The cause of this type of management failure has often been shown in large herbivore management [47,48,49]. Because stock assessment errors can lead to population management failures [50], choosing a more pessimistic population scenario (i.e., a higher initial population within a confidence interval) would be more robust against uncertainty and reduce the risk of management failure. In addition, using an adaptive management approach, which includes cycles of design, management, monitoring, and adaptation in an iterative feedback loop, is essential to managing natural resources that include extreme uncertainty, such as the sika deer in this study [51,52,53]. To successfully manage this deer population, the authors recommend a reorganization of the deer management plan on Kyushu Island from the present inflexible plan based on a fixed harvest number to an adaptive one that incorporates current population estimates and uncertainty.

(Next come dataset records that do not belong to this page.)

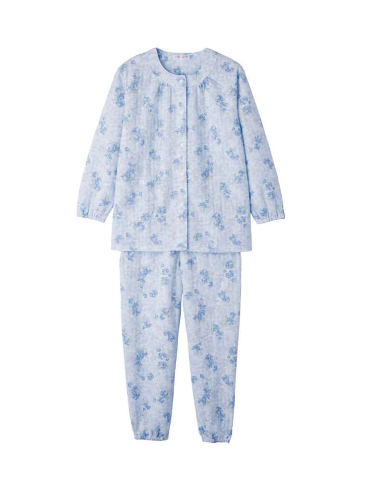 【前開き】【秋冬】大きめボタンキルトパジャマ4大きめサイズ/婦人用/レディース/シニア/高齢者/寝巻/名前記入欄付/ラグラン袖/ウエスト調整ゴム/洗濯機OK/ギフト/プレゼント
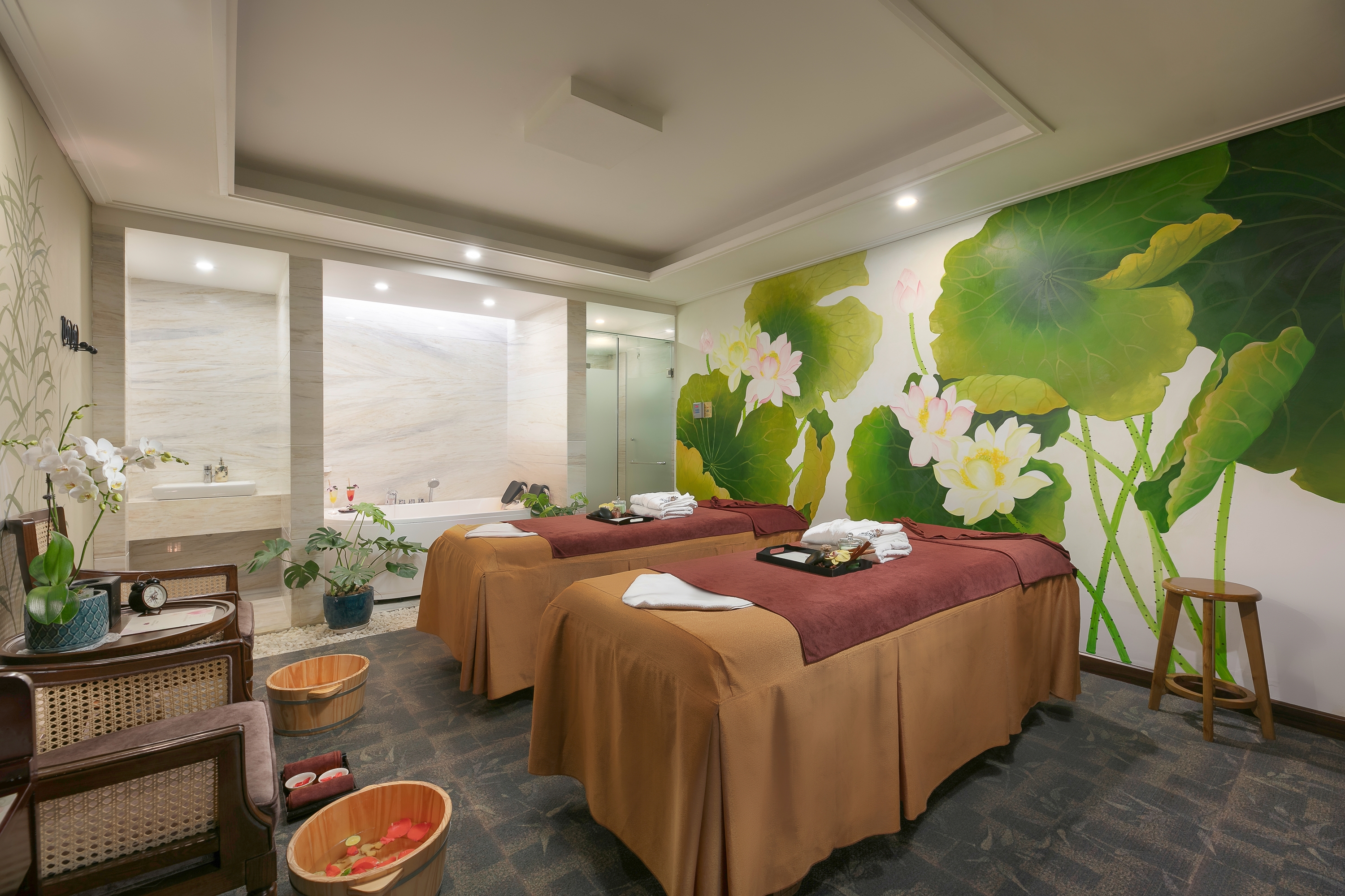 宽敞美丽的房间,每间都有特定用途,供您使用。我们提供各种按摩和美容护理,顾客有机会在豪华典雅的环境中尽情放松身心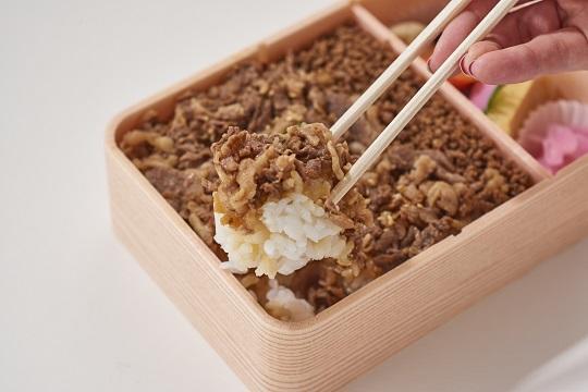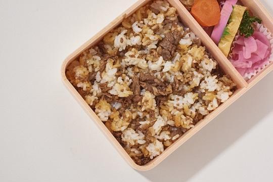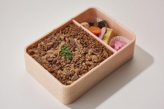 フタを開けてみると、ごはんが見えないほどぎっしりと牛肉が敷き詰められている。でも、その名の由来は直球ストレートな「牛肉弁当」ではない......。牛肉を底から支えているのは、山形県産米の「どまんなか」。山形県のオリジナル品種である「どまんなか」は、山形のような中間山地での栽培に適していて、冷めてもふっくらとおいしい、弁当にぴったりの米。そう、弁当の名前のなかには、米どころらしい名前が隠れていたのだ。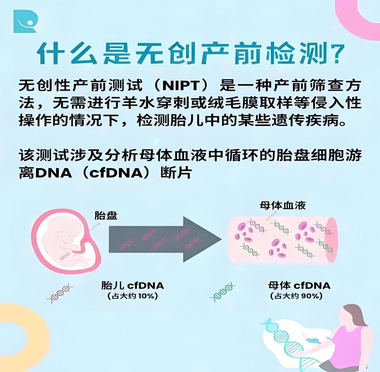 第二类是无创产前检测(NIPT),这是一种基于分子生物学技术的先进筛查方法。NIPT适用于孕10周后,通过采集孕妇外周血中的胎儿游离DNA(cffDNA),利用高通量测序技术对胎儿的染色体非整倍体(如21-三体、18-三体、13-三体等)进行分析。NIPT的显著优势在于其对唐氏综合征的检出率超过99%,假阳性率低于0.1%,具有极高的准确性和可靠性。此外,NIPT无需侵入性操作,对孕妇和胎儿的安全性较高。然而,NIPT的成本较高,可能不适合经济条件有限的家庭。此外,对于双胎妊娠或孕妇本身存在肿瘤的情况,NIPT的准确性可能会下降,因为这些因素可能干扰胎儿游离DNA的分析结果。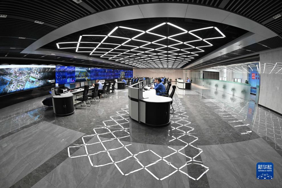 首钢京唐钢铁联合有限责任公司工作人员在生产管控中心工作(7月22日摄)。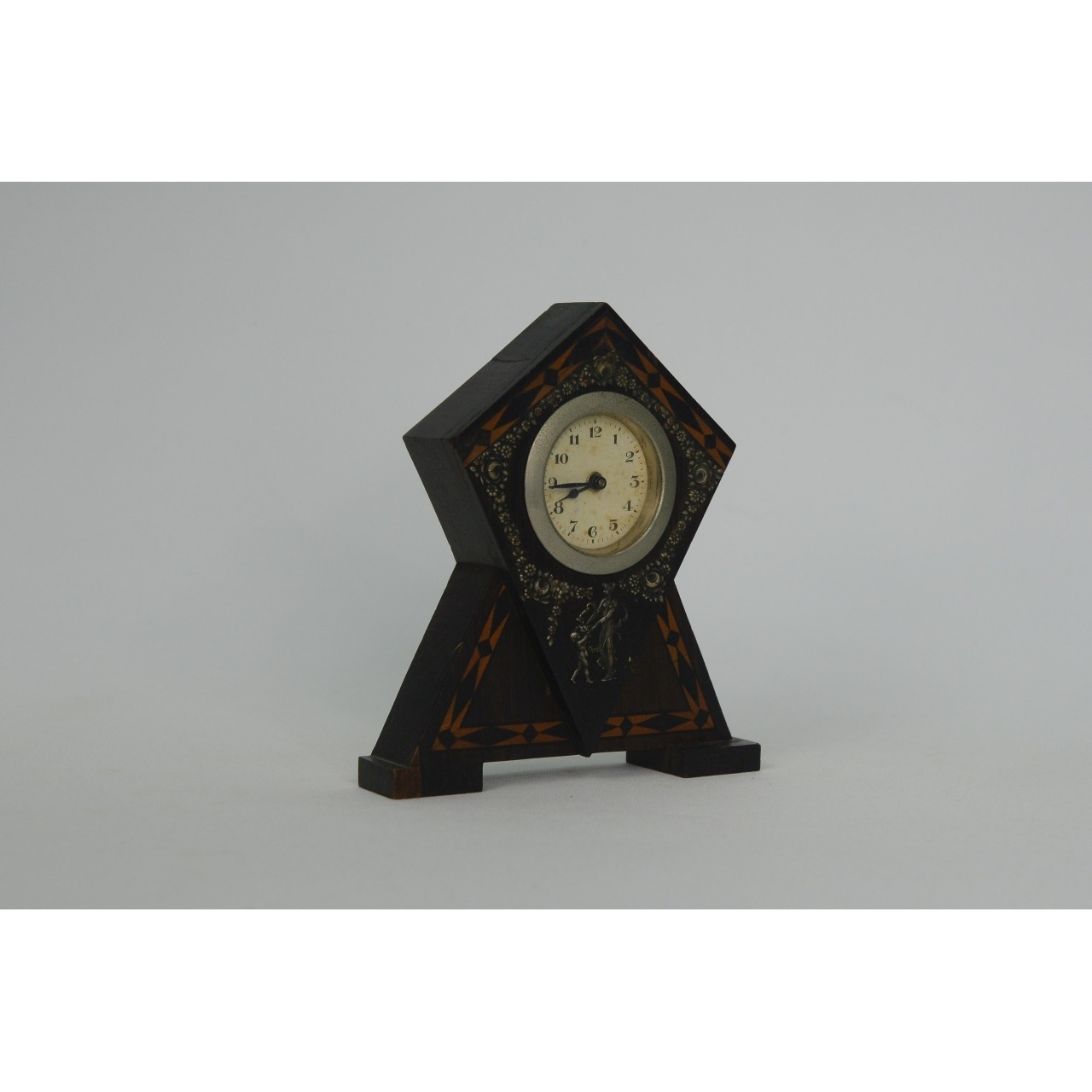 Relógio de mesa em madeira, com decorações embutidas em madeira mais clara, com motivos florais e figuras clássicas em metal prateado. Mostrador com númeração árabe. Não está a trabalhar, precisa de revisão.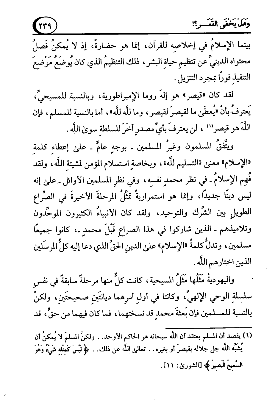 (¬1) يقصد أن المسلم يعتقد أن الله سبحانه هو الحاكم الأوحد .. ولكن المسلمَ لا يُمكنُ أن يُشبه الله جل جلاله بقيصرَ أو بغيره .. تعالى الله عن ذلك .. {لَيْسَ كَمِثْلِهِ شَيْءٌ وَهُوَ السَّمِيعُ الْبَصِيرُ} [الشورى: 11].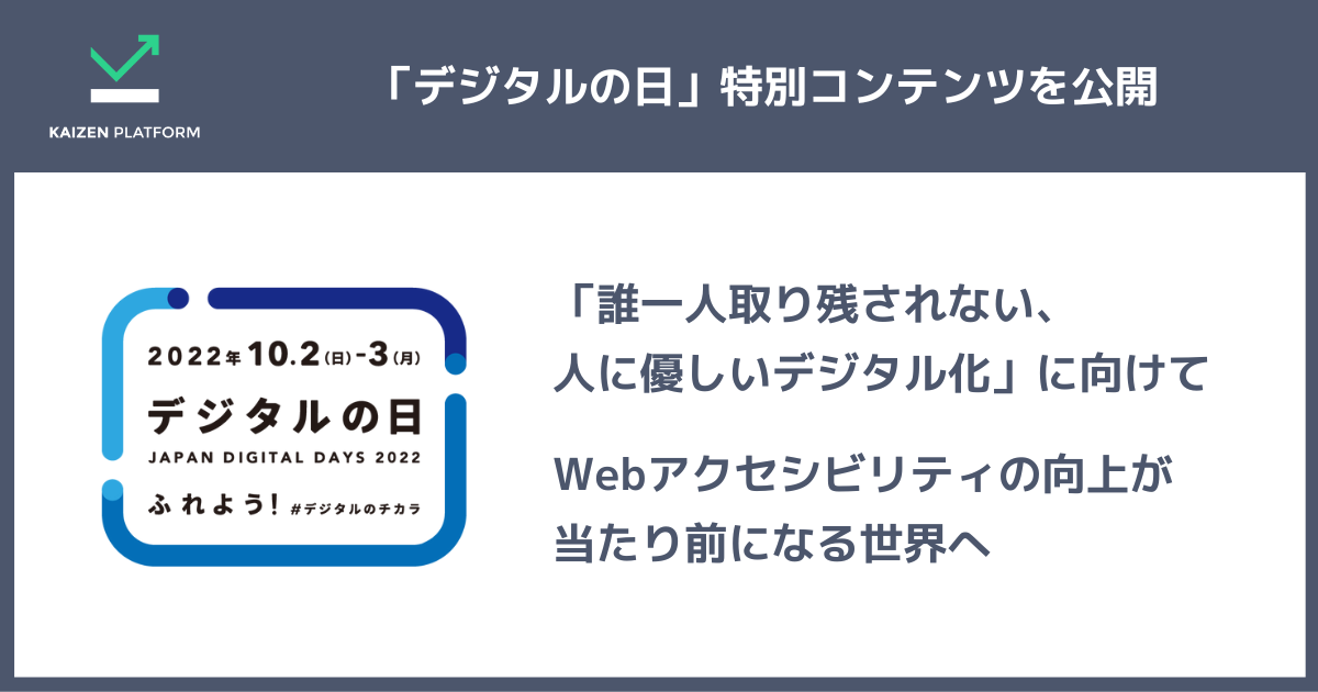 KaizenPlatform、「デジタルの日」に賛同し、誰一人取り残さないデジタル社会の実現に向けてWebアクセシビリティ向上を支援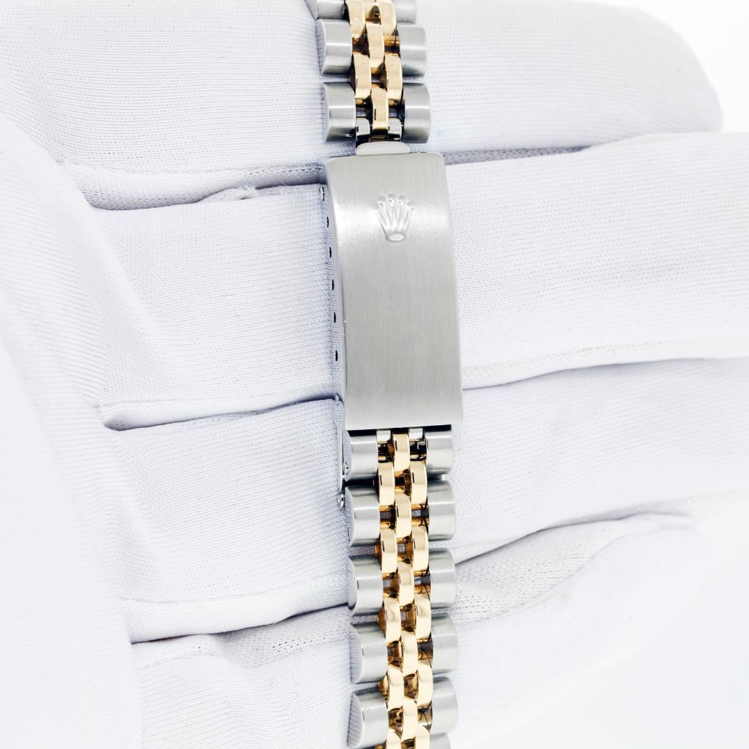 Rolex Ladies Pre Owned Quickset 18K Yellow Gold and Stainless Steel Two Tone Wristwatch Polished Bright with Satin Finish, Serviced & Electronically Tested, Rolex Stainless Steel Case: 26mm, Custom Diamond Lugs: Added Diamonds On Lugs, Diamond Count: 24 Diamonds On Lugs, Color: G To H, Clarity: SI-VS. Rolex Yellow Gold Crown, Custom Bezel: New 18K Yellow Gold Beadset And Ruby Diamond Bezel, Stone Count: 28 Diamonds + 4 Rubies On Bezel. Custom Crystal: New Sapphire With Magnified Date Window. Custom Hands: New Hands. Rolex Movement: Automatic Winding Movement. Rolex Dial: Champagne Dial With Dash Track & Lumi Dots, Date Window: 3 O'Clock Position Date Display, Model: Quickset Datejust, Condition: G-6 Extra Fine. Rolex Bracelet: Stainless Steel and 18K Yellow Gold Jubilee Band. Bright Polish & Satin Finish. 6.0 Inch Length, Adjustable. Standard Clasp, With Rolex Logo. This Watch Has Been Serviced Time Tested And Is In Excellent Condition It Is Free Of All Scratches And Dents.
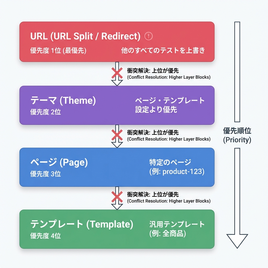 ABテストの結果がどのように計測されるか、複数テストが同時に走った場合の優先・コンフリクトの考え方をまとめます。

In addition, previous studies have shown that initial censuses of large herbivore populations tend to underestimate the actual size, especially in large populations [10,11], and recent studies of management strategies have emphasized the importance of an appropriate spatial scale [54,55]. In Kumamoto Prefecture, although there was no population decline throughout the prefecture, density decline by harvesting was shown on a regional scale, such as 25 km² [56]. So, at smaller spatial scales, the population can be reduced by harvesting. Thus, the authors consider that managing in smaller units will lead to successful management because both the Kyushu Island and the prefecture-based management units are too large for deer management. Even if management goals are set on a prefecture-base, it is important to define harvesting targets in each region of the prefecture.

5. Conclusions

In this study, the authors found relative stable population dynamics of sika deer on Kyushu Island, Japan, even though a national policy to rapidly increase the harvests of sika deer was implemented to manage the deer population. This study highlights not only the difficulties of wide-area management of sika deer but also three important factors for successful management: reducing the risk of management failure as well as using an adaptive management approach and appropriate management scale.